ドラゴンは一瞬のうちに切り刻まれ、ただの肉塊と成り果てていた。

「ふむふむ、いいドラゴンだね。脂身が少なく、肉質もしっかりしている」

マスターは、足元の影から黒い触手を伸ばしてドラゴンだった肉塊を品定めする。

「この感じなら、ステーキにするのが一番いいかもしれない。いや、燻製にするのもいいかもしれないなぁ」


ガサッ

マスターの後ろで、音がした。振り返ると、そこにいたのは昼間喫茶店に来た竜人の少女だった。

「マ、マスター…?」

「こんばんは。

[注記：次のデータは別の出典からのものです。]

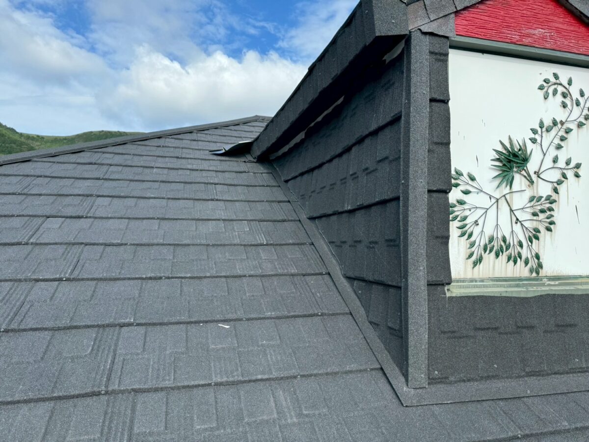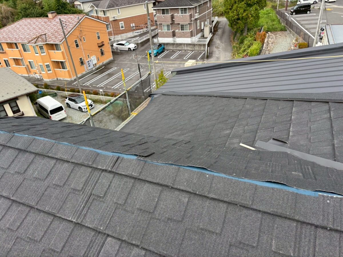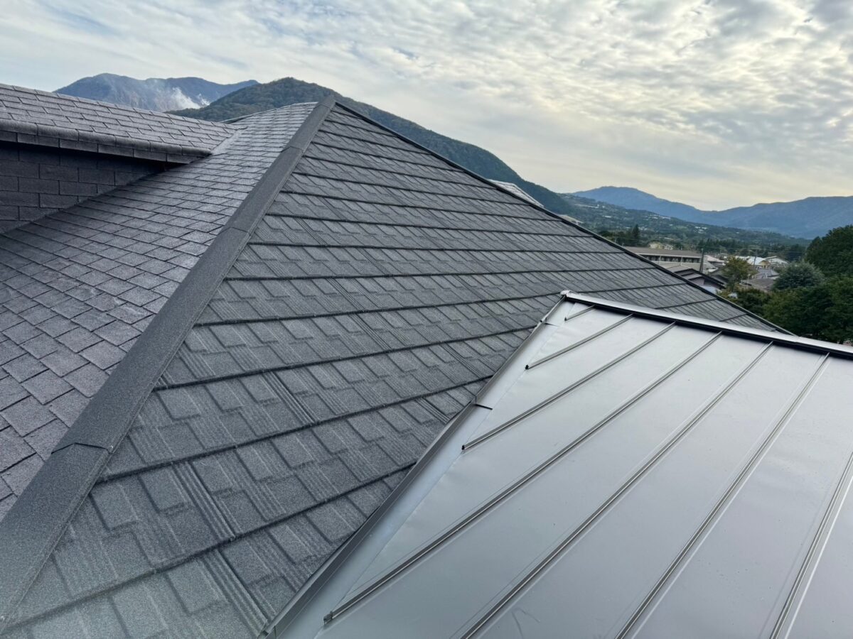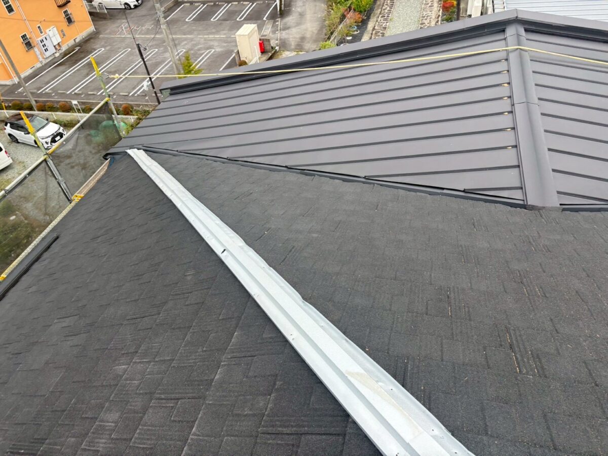 実は一年前に雨漏りがあり工事をさせていただきましたお宅です、上の画像は前回工事の画像となります、この時は増築部分の勾配不良の為に縦葺きに変更したのと屋根を継いだ一面が雨漏りしていたので、既存のシングル葺きに似た屋根材のリクシルTルーフモダンと致しました、その他の部分も実は雨漏りしていたのですが事前に他社で修理してとりあえず止まってるとの事でしたが、直し方が私から見て再発する直し方なので一緒にやった方がお得ですと伝えましたが、様子を見ると言う事で部分工事で終わりました、それから一年足らずで大雨が降り5箇所位から雨漏りしたそうで、やっぱり他の3面もやって下さいとのご依頼をいただき工事に至りました。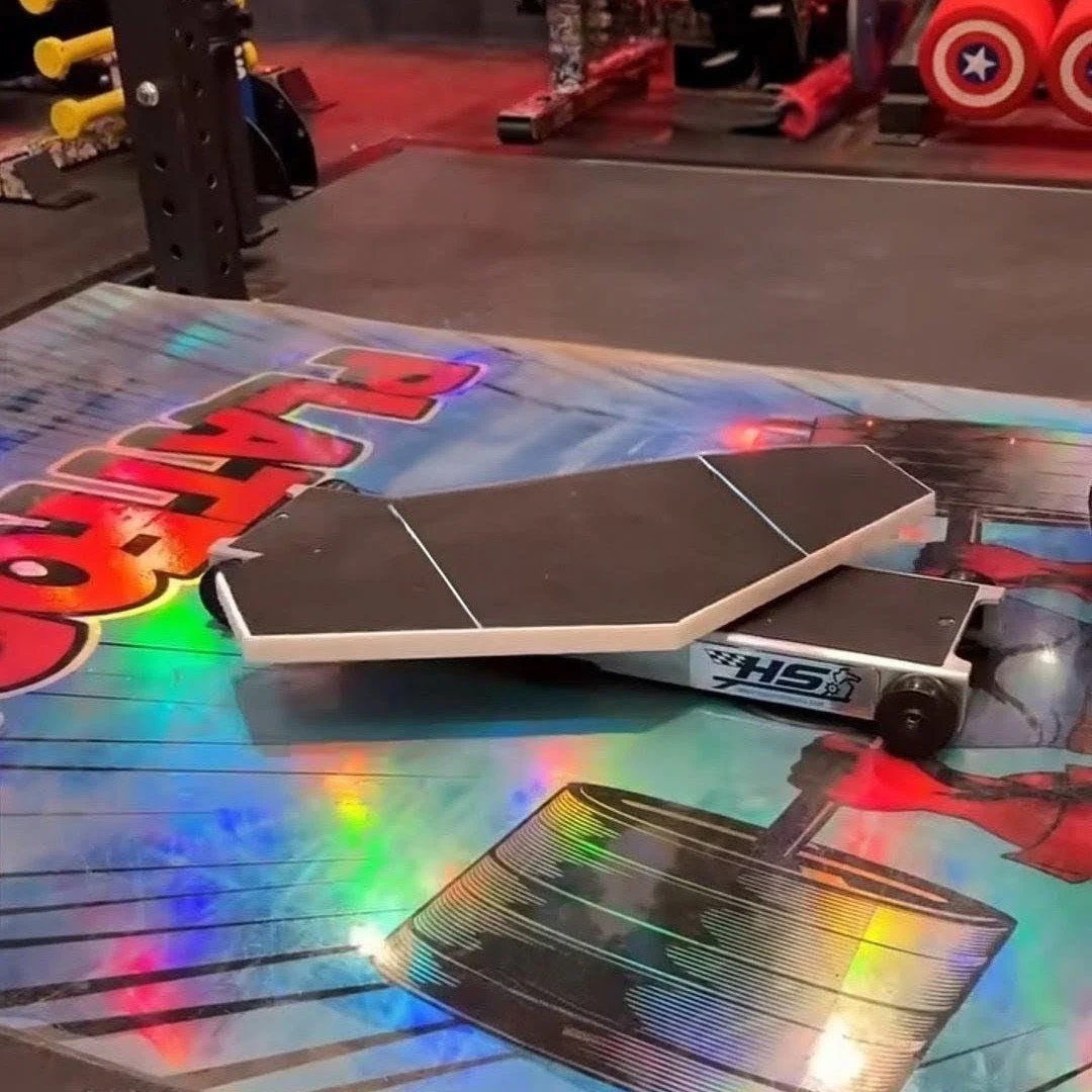 The Chassis (bottom Wheels)- approved for community (multi-board) usage on standard gym flooring, rated for 500 lbs. The PRO Model is rated for 250 lbs.The Z-Board (rotating top)- Recommended for individual use only, rated for 300 lbs, protected for 2 years. The Customer is entitled to 1 FREE replacement board under this policy.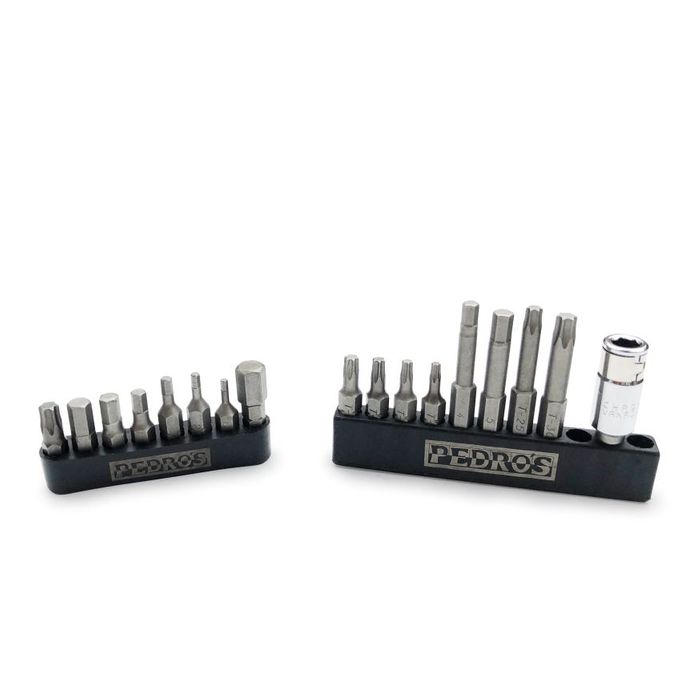 Pedro's Hex Bit Set II is designed to work with our torque wrenches offering an extensive range to handle most hex and torx needs. The set includes longer 50mm bits in key sizes to ensure compatibility and fit with all components where standard 25mm bits fall short. Bits are made from premium S2 tool steel for strength and lasting performance.

ちゃんと頼ってみた?」

「あ、ひっ…」

少女は怯えた表情でカタカタと震えている。


「言っただろう。今日会えたから明日も会える確証は無い、て」

にこりと笑っていうと、少女の足元の影から触手が伸び、少女に絡みつく。

「申し訳ないんだけど、悪魔がいるって言いふらされるのは困るんだ」

触手は少女を絡めとりながらゆっくりと戻っていく。

「僕は静かな空間で誰かの話を聞くのが好きでね」

少女の体はズブズブと影の中にひきづり込まれていく。

「だから、君は僕が残さず綺麗に食べてあげる」


「さて、このドラゴンは燻製に決まりだね」

そういうと、マスターは闇夜に消えていった。